= List of The Apothecary Diaries volumes =

The Apothecary Diaries is a Japanese light novel series written by Hyūganatsu and illustrated by Touko Shino. Originally, the series was only published by Hyūganatsu on the user-generated web novel site Shōsetsuka ni Narō in October 2011. The publisher Shufunotomo acquired the series and then published it on their Ray Books imprint as a novel with a single volume on September 26, 2012, illustrated by Megumi Matsuda.

In 2014, Shufunotomo began to publish the series again, illustrated by Touko Shino. This time, it was published as a light novel in their Hero Bunko imprint, which is mostly made of acquired Shōsetsuka ni Narō titles. Since then, the series continued to get more volumes with the story continuing, unlike the previous novel version which had just one volume. J-Novel Club announced in November 2020 that it had licensed the light novel series. In October 2023, Square Enix announced that it would release the light novels in print starting in May 2024.

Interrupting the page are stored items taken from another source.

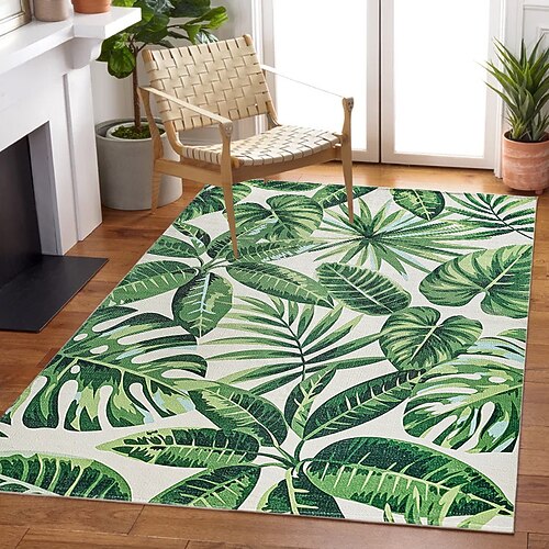 Tappeto con foglie tropicali, effetto cashmere, morbido, a pelo corto, lavabile, antiscivolo, verde botanico, per interni ed esterni, ideale per soggiorno, camera da letto e sala da pranzo.
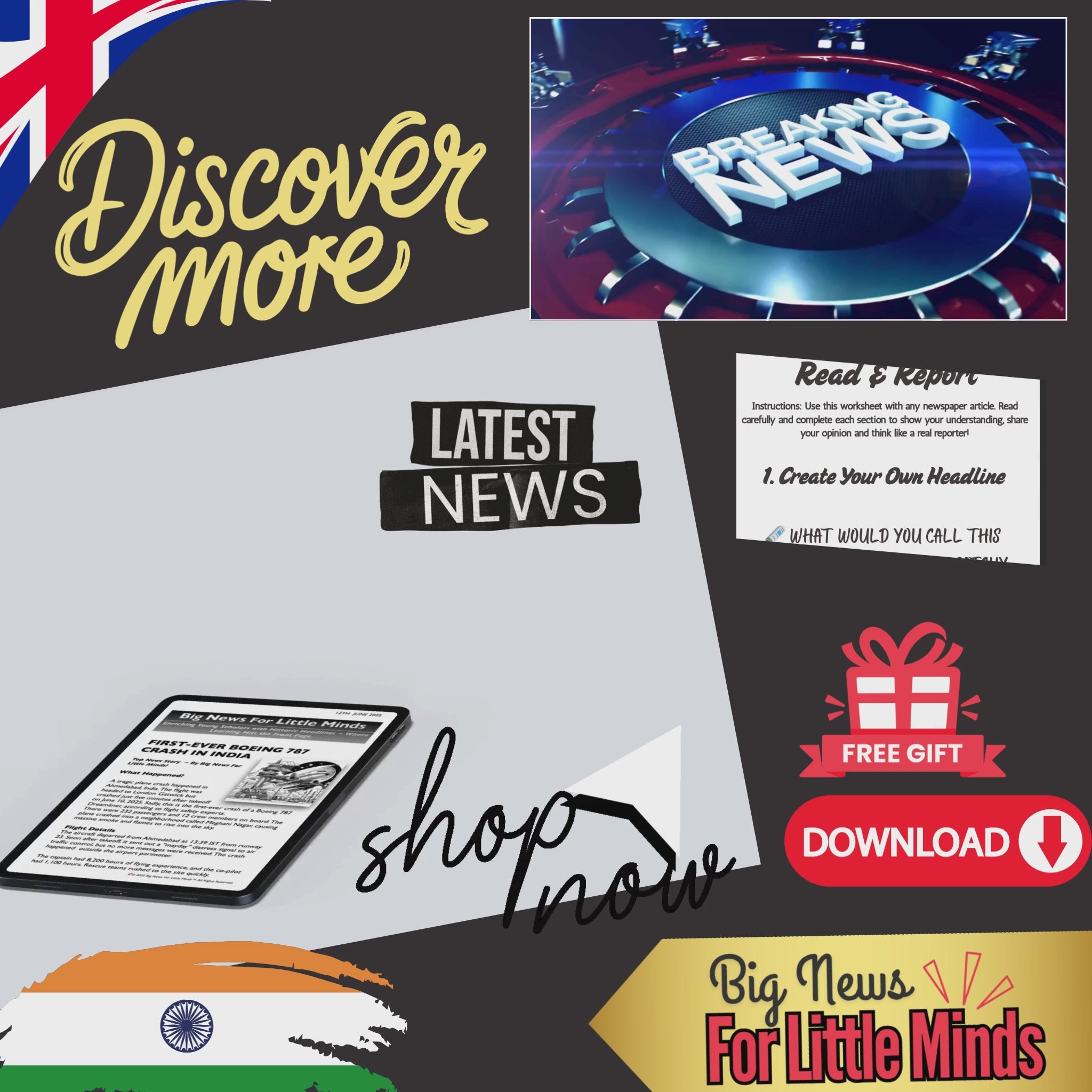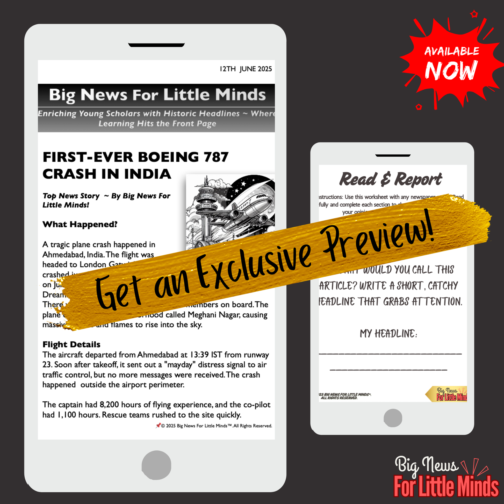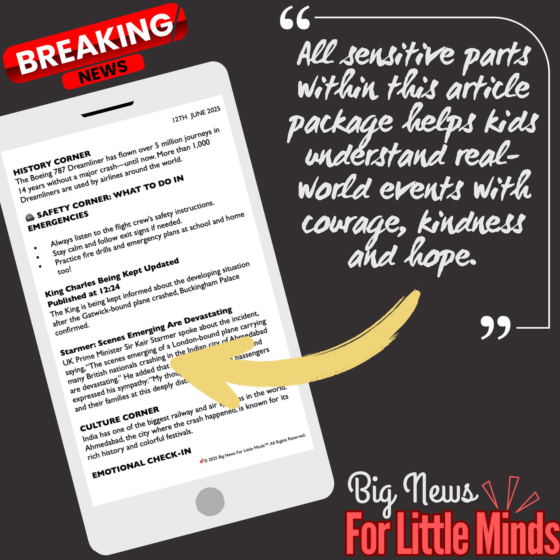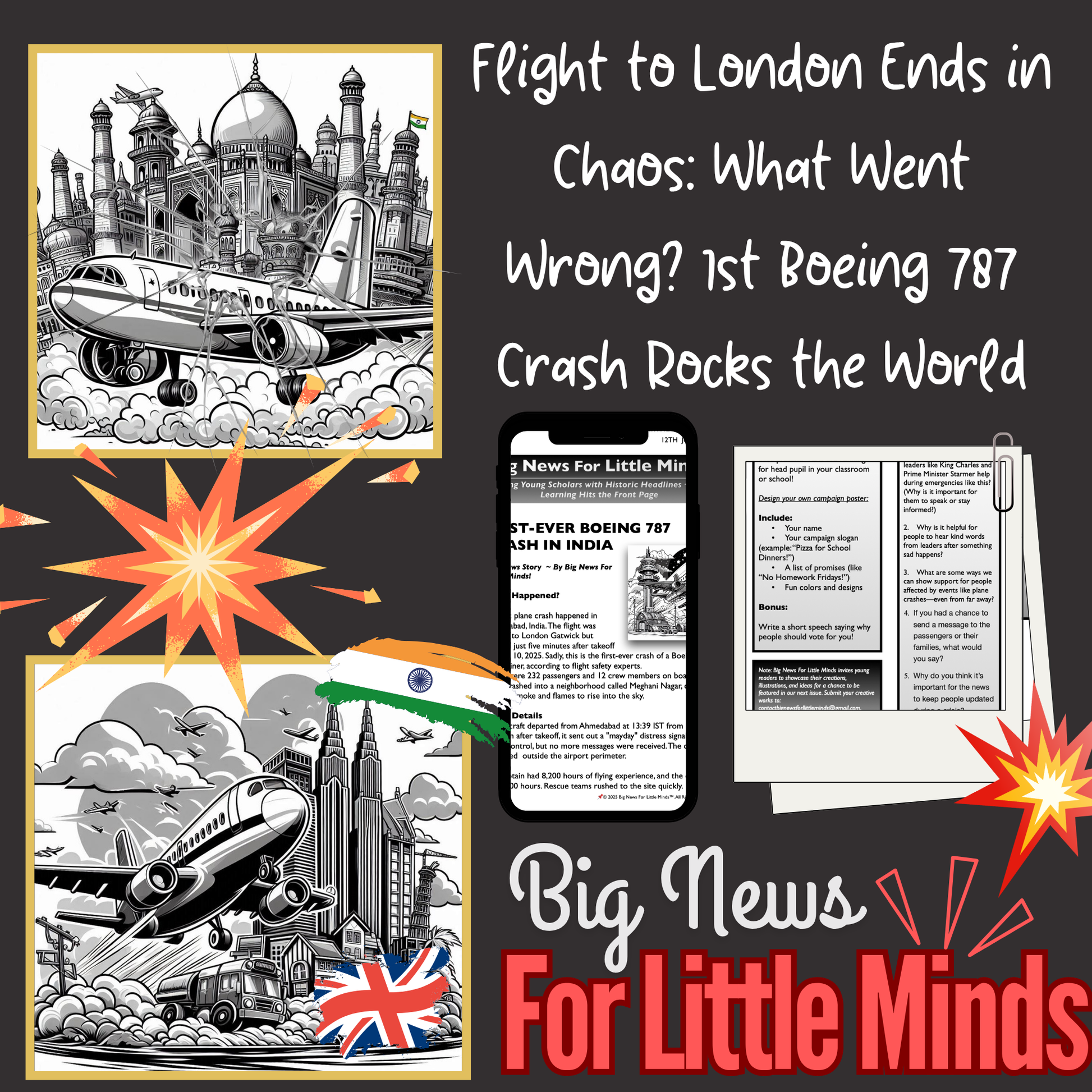 Help young readers understand and process tragic world events with this sensitive and age-appropriate article about the 2025 Ahmedabad plane crash en route to London, England (the Air India Flight AI171 disaster and tragedy involving a Boeing 787 Dreamliner) . This edition of Big News for Little Minds™ covers what happened, who was involved, and how communities respond during emergencies—with clarity, compassion, and a focus on safety and empathy.
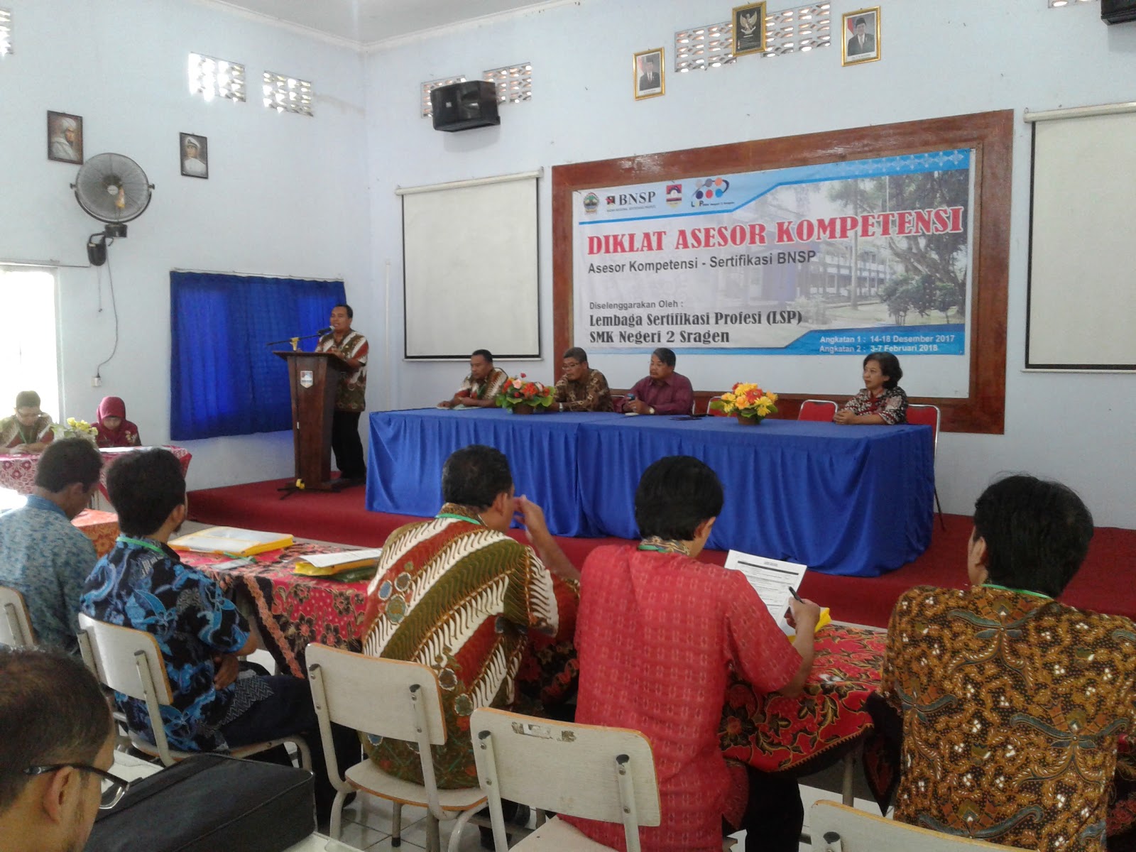 SMK Negeri 2 Sragen, pada tanggal 3-7 Februari 2018 menyelenggarakan diklat Asesor Kompetensi yang diikuti oleh 50 guru SMK dari beberapa SMK di Provinsi Jawa Tengah.
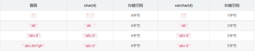 从 CHAR(4)和 VARCHAR(4)列检索的值并不总是相同,因为检索时从 CHAR 列删除了尾部的空 格。通过下面的例子说明该差别:

A manga adaptation by Itsuki Nanao and illustrated by Nekokurage began in Square Enix's Monthly Big Gangan on May 25, 2017. Square Enix has compiled its chapters into individual tankōbon volumes. The first volume was published on September 25, 2017. As of July 24, 2026, 17 volumes have been published.

In November 2019, Square Enix announced the English language release of the manga in North America and began publishing it in December 2020.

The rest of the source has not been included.